I am at the point that I am seriously considering how I am even still functioning. I feel so completely overwhelmed at the moment. Work is hectic, to put it mildly. My PIC is leaving. My grandmother AND sister are both in for a visit. I think I may just go insane!
At work I am handling 4 associations. Typically wouldn’t be bad but they all have decided to require attention at once. I am traveling to different cities to put on classes for one association while back at the office there are board meetings and conventions, websites, and newsletters that need to be done! And yet, I keep telling everyone that I can do it. So far, I have. But I have to do all this til the Monday after Thanksgiving. I don’t know if I can last that long.

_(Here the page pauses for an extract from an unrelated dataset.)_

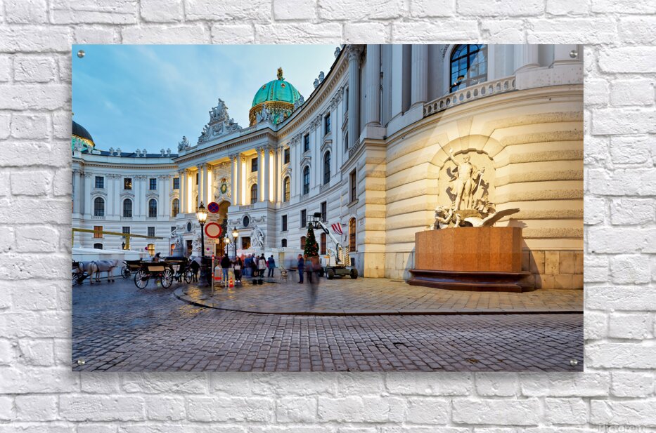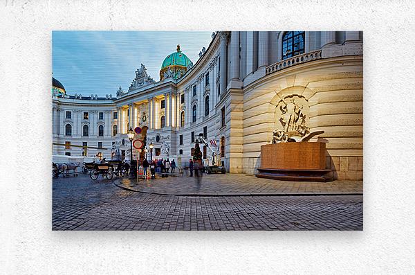 Get this artwork "Illuminated Hofburg Palace Vienna with people and horse carria" in a framed print.

Then my PIC at work is leaving. I am happy she is going to a new place that will hopefully make her happier but I don’t know what I will do without someone to laugh with or commiserate with at work! It will be a rough adjustment!
The visits! My grandmother arrives today. Love her to death but it is so hard to please her. Then my sister arrives on Friday. That ought to be interesting. And me, trying to please everyone will be running around like a chicken without a head. On Saturday my grandmother, my mom, my sister and I are attending the football game. That ought to be interesting since my sister is already being a baby about that. She wants to go down all day to tailgate and get drunk. Which means she will need a ride down there, which means I will have to drive her. Then later I will have to pick up my mom and grandmother to take them down to the game and then sit through the game with them while I am sure my grandmother will make some comment about my sister’s drinking. We are all over 21! It’s legal as long as she doesn’t drive!
Is it possible to give oneself an ulcer? I think I am well on my way!